** Opening Input data block **

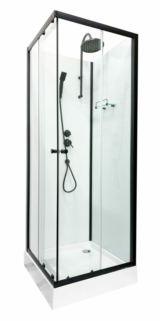 Cabine de douche noire carré 90X90 - REF FRCR07-900• Dimensions: 90X90X215 CM • Avec douche de tête, douchette à main, flexible de douche et mitigeur mécanique
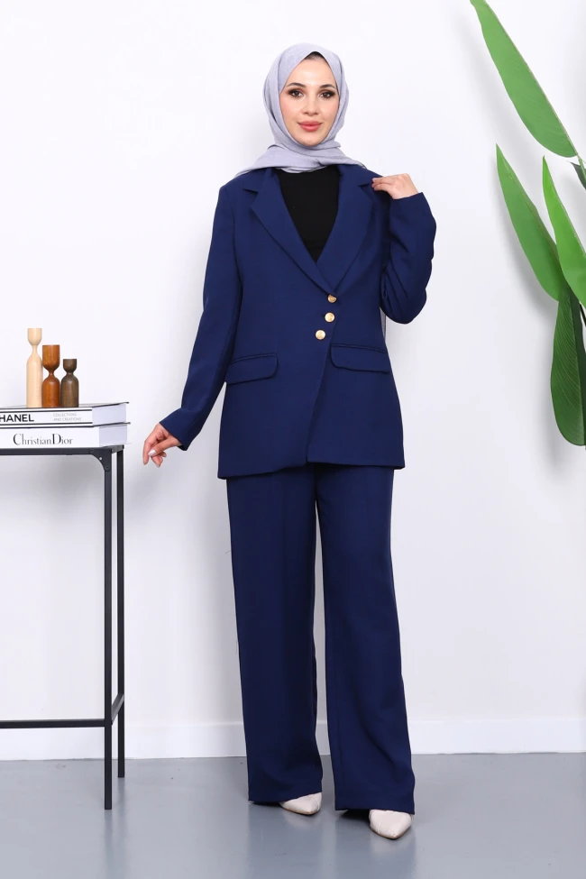 Siyah Düğmeli Ceket Pantolonlu Takım Mint Yeşili Düğmeli Ceket Pantolonlu Takım Mürdüm Düğmeli Ceket Pantolonlu Takım Haki Düğmeli Ceket Pantolonlu Takım
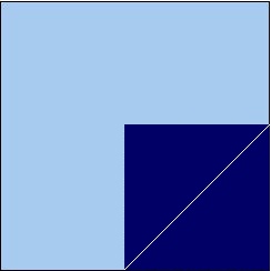 Four inch finished size - Cut four 2 1/2" squares (2 light, 2 dark). Cut two 1 1/2" squares dark.
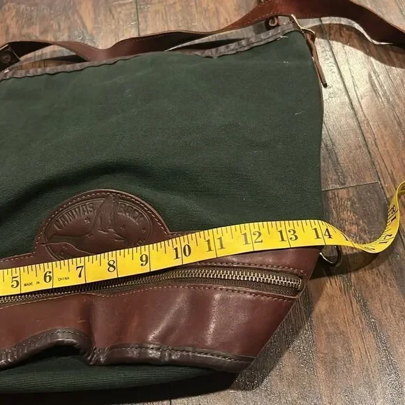 VTG made in USA Canvas Back shoulder bag green canvas brown leather trim EUC

** Closing Input data block **

Transcribe exactly the line that contains "Siyah Düğmeli Ceket" and each line after it through the end of the listing. Leave out the pictures.

Solution to the problem —
 Siyah Düğmeli Ceket Pantolonlu Takım Mint Yeşili Düğmeli Ceket Pantolonlu Takım Mürdüm Düğmeli Ceket Pantolonlu Takım Haki Düğmeli Ceket Pantolonlu Takım
 Four inch finished size - Cut four 2 1/2" squares (2 light, 2 dark). Cut two 1 1/2" squares dark.
 VTG made in USA Canvas Back shoulder bag green canvas brown leather trim EUC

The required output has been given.